Brought back old memories of the request to "bring a camera" for a group picture at a Christmas party. I wont go into the details.... too painful. Lets just say I outdid the Christmas lights, and the 32lb Majestic tripod was present.... the pain... I need a bourbon quick...


----------



## RGF (Sep 15, 2013)

thanks. now we need one for photography geek - focus on pictures, pictures, pictures, ... not just the camera and lens and gear


----------



## SPL (Sep 15, 2013)

Wow!,..this really made me laugh! My girlfriend pointed out that I have all the signs and that I need help!


----------



## RC (Sep 15, 2013)

Hilarious! Glad I'm not a geek by their standards.


----------



## mrsfotografie (Sep 15, 2013)

#6 :-[


----------



## Rienzphotoz (Sep 15, 2013)

CharlieB said:


> Ouch, #5 hurt....
> 
> Brought back old memories of the request to "bring a camera" for a group picture at a Christmas party. I wont go into the details.... too painful. Lets just say I outdid the Christmas lights, and the 32lb Majestic tripod was present.... the pain... I need a bourbon quick...


 I understand your pain ;D ... been there done that :-[


----------



## wickidwombat (Sep 16, 2013)

cant watch youtube here 

but i bet they forgot ...

when watching porn you critique Lighting whitebalance focus and composition

oh wait thats also blocked here...
damn


----------



## Viggo (Sep 16, 2013)

LOL, I'm a bit of a geek then. I thought that bringing the 200 L to go grocery shopping was something everybody did? You know, because I have seen lots of people do that never.


----------



## sandymandy (Sep 16, 2013)

9 applies to lots of ppl here  6 i include myself....rest secret haha


----------



## paul13walnut5 (Sep 16, 2013)

1,2,3, 6 & 7.

Somehow I managed to find an understanding girlfriend.


----------



## mrsfotografie (Sep 16, 2013)

paul13walnut5 said:


> Somehow I managed to find an understanding girlfriend.



Me too, and she's instrumental to my photography because we go places together and she's very patient with me taking pictures, but also keeps track of time so we don't linger with one subject and move on in a timely manner. Sometimes she will even hold some of my gear for me, for instance if I'm using two bodies, she will hold the idle body (but she complains about the weight of a gripped body and the 70-200 f/2.8 IS II so I won't burden her too much). 

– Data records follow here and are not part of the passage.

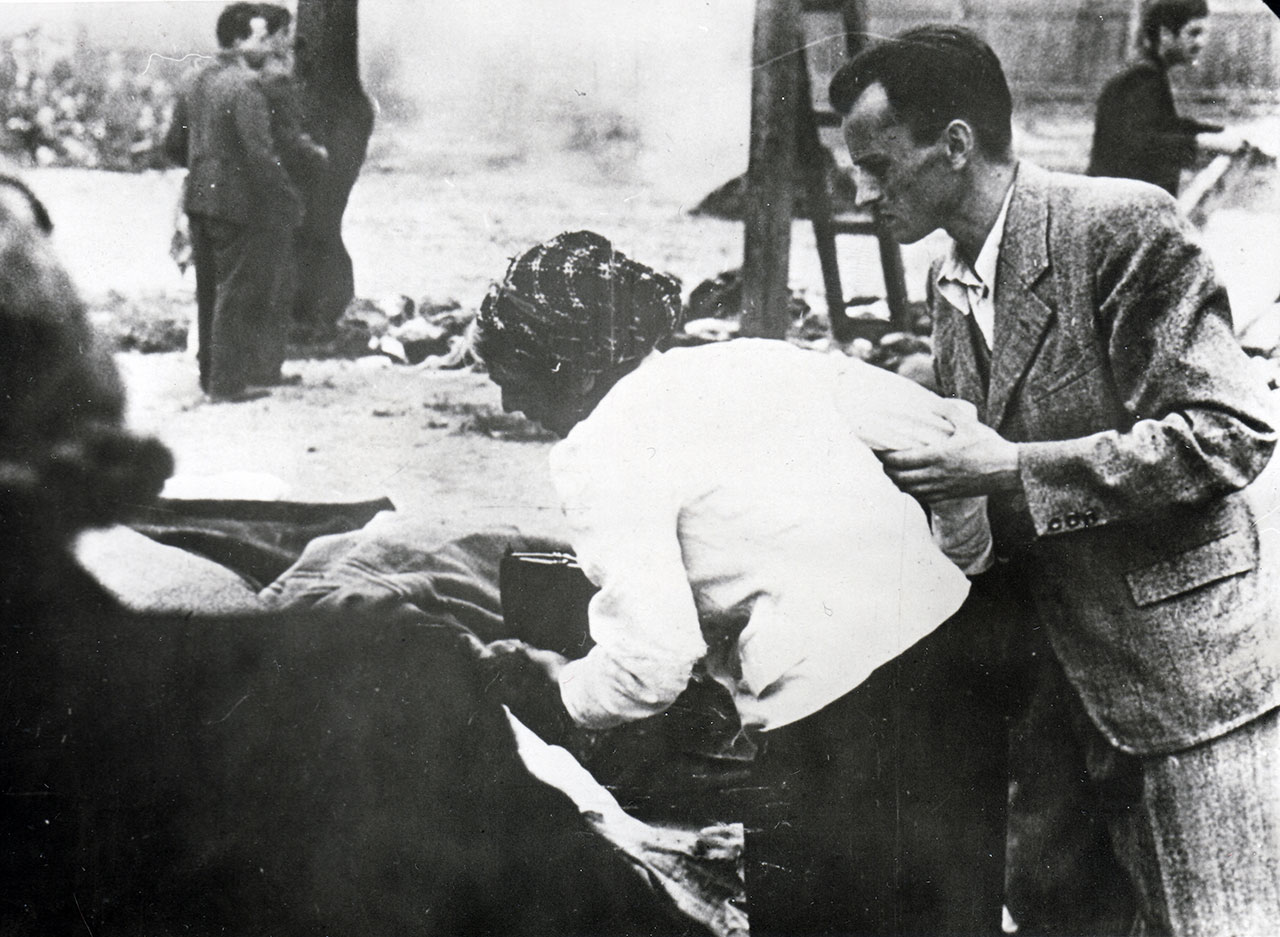 Подив і жах на обличчі львів’янки, котра щойно зайшла у двір тюрми. 3 липня 1941 р., м. Львів.
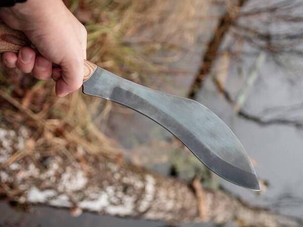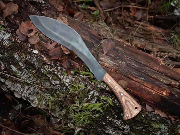 Форма клинка у Кукри уникальная, им удобно и рубить, и резать, и даже немного копать землю. Отличный и интересный инструмент.
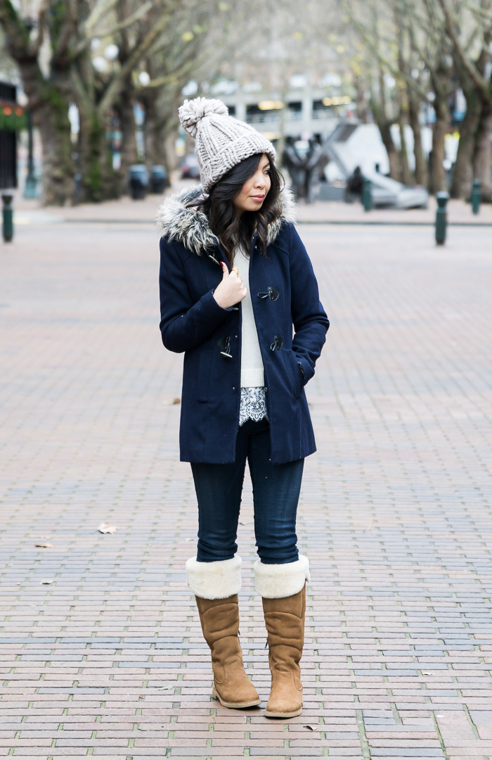 Schuhtrends herbst winter 2017 18 braune stiefel jeans dunkelbraune winterjacke graue getrickte mütze alltagsoutfit frau
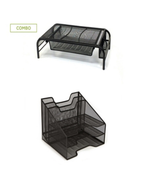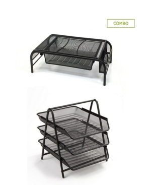 Mind Reader Metal Mesh Monitor Stand And 5 Tray Letter Organizer 2 Pc Set, Black
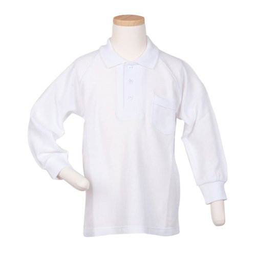 -. Title : 貴重な日本製【クールプラス繊維】お子様用長袖かのこポロシャツ【白】【100~160サイズ】お着替えしやすいストレッチ素材衿
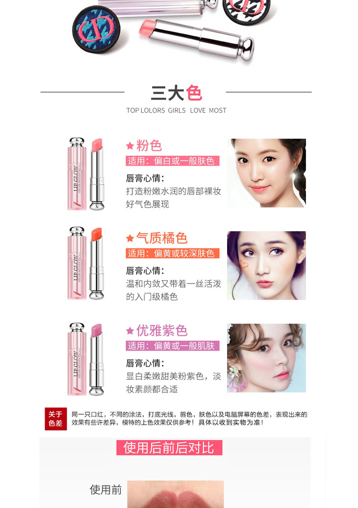 法国原装进口 Dior迪奥唇膏口红唇彩粉漾润唇膏女士套装3支装(001+004+006)
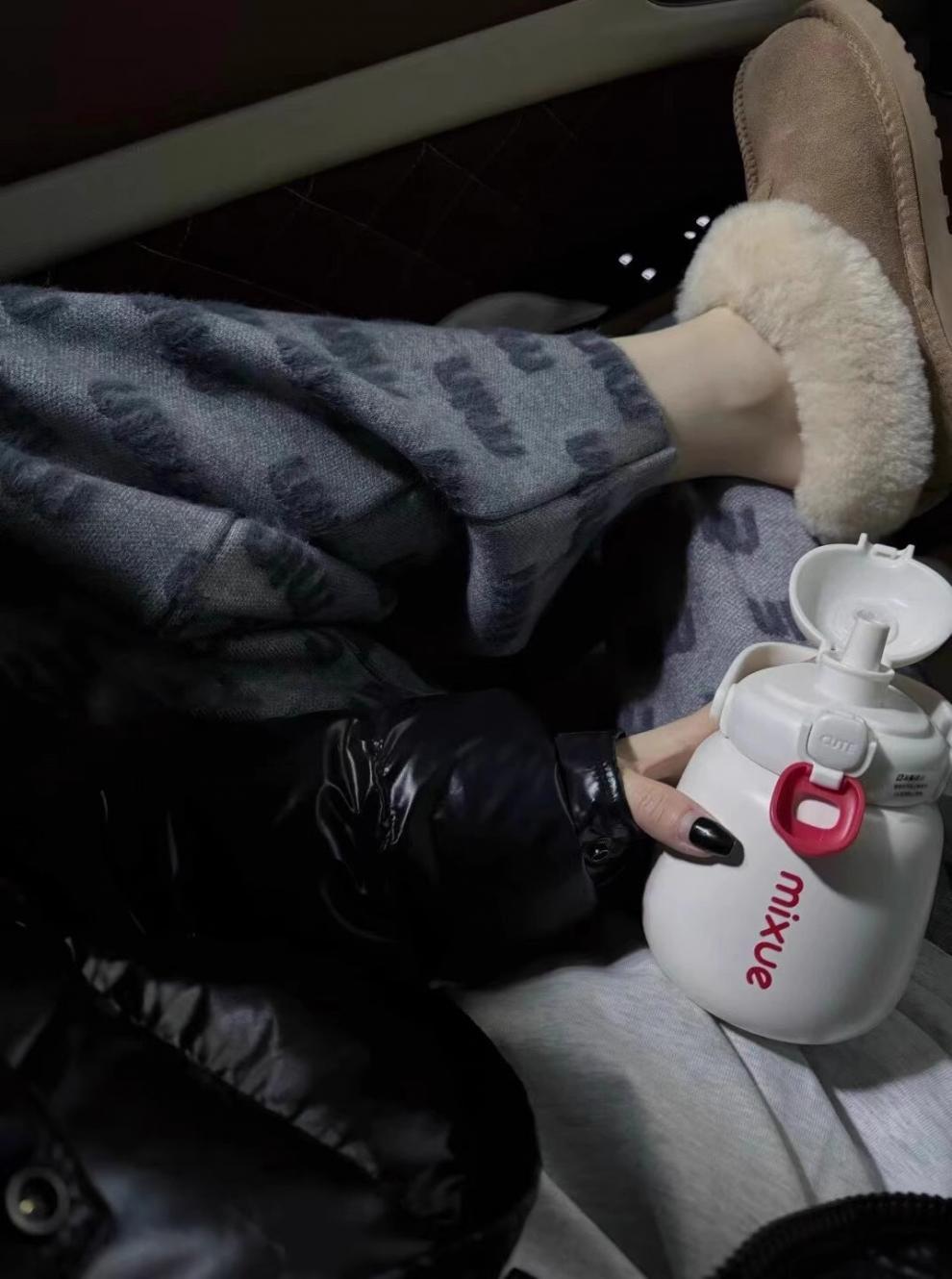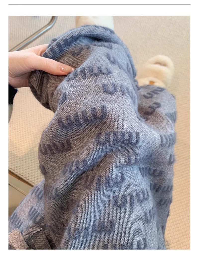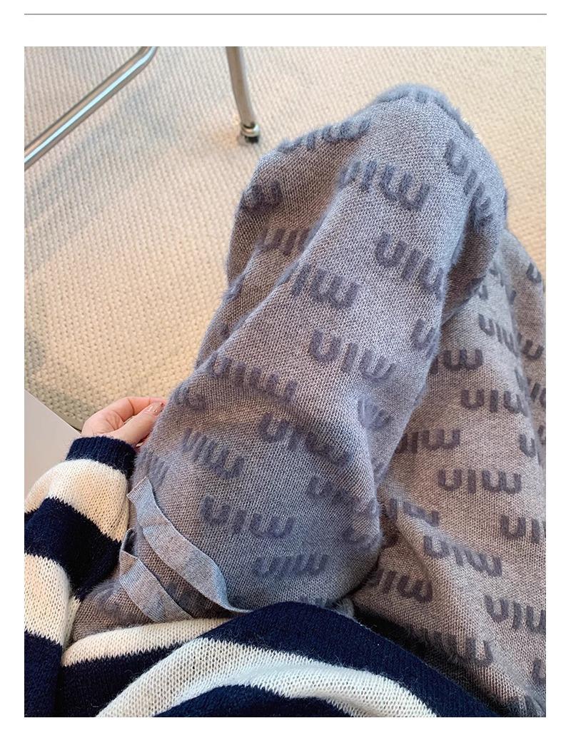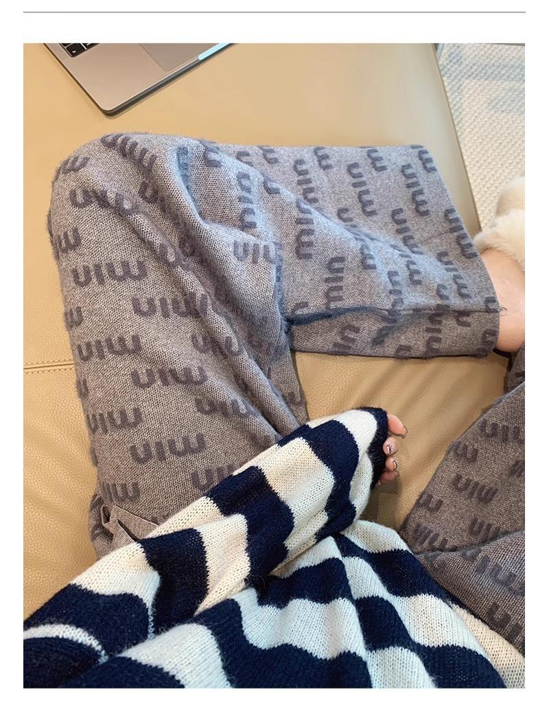 Pantalones de Punto Gruesos Jacquard de Letras a la Moda de Pierna Ancha para Mujer Invierno 2024 Nueva Llegada Holgados Suaves Cerosos Largos de Moda

Somehow it works great for us - she likes going places and I love photography. Hence we're something of a dynamic duo!


----------



## Zv (Sep 16, 2013)

Man I need to get some new clothes!!


----------



## Rienzphotoz (Sep 16, 2013)

wickidwombat said:


> when watching porn you critique Lighting whitebalance focus and composition


 ;D ;D ;D Now that would be the height of being a photo geek


----------



## Rienzphotoz (Sep 16, 2013)

SPL said:


> Wow!,..this really made me laugh! My girlfriend pointed out that I have all the signs and that I need help!


If it is any consolation, you are among brothers here with the same symptoms ;D


----------



## mrsfotografie (Sep 16, 2013)

Rienzphotoz said:


> wickidwombat said:
> 
> 
> > when watching porn you critique Lighting whitebalance focus and composition
> ...



On the other hand 'porn' may actually also apply to stills I guess. It brings a whole different meaning to the words 'exposure', 'aperture', and yes, 'focus breathing' heheheh  

Hmmm I'm a geek too, trying to express those things in photo-terminology... :


----------



## RLPhoto (Sep 16, 2013)

You might be a photo geek if you have painted your walls 18% grey.


----------



## RC (Sep 16, 2013)

RLPhoto said:


> You might be a photo geek if you have painted your walls 18% grey.



;D ;D ;D


----------



## Click (Sep 16, 2013)

RLPhoto said:


> You might be a photo geek if you have painted your walls 18% grey.



;D Good one! ;D


----------



## wickidwombat (Sep 17, 2013)

RLPhoto said:


> You might be a photo geek if you have painted your walls 18% grey.



haha you joke but i was actually think about doing that in my study where i do my processing... :-[


----------



## Aglet (Sep 17, 2013)

RLPhoto said:


> You might be a photo geek if you have painted your walls 18% grey.



Or added focus targets


----------



## neuroanatomist (Sep 17, 2013)

Aglet said:


> RLPhoto said:
> 
> 
> > You might be a photo geek if you have painted your walls 18% grey.
> ...



Or see pattern noise when you close your eyes.


----------



## Jim Saunders (Sep 17, 2013)

RLPhoto said:


> You might be a photo geek if you have painted your walls 18% grey.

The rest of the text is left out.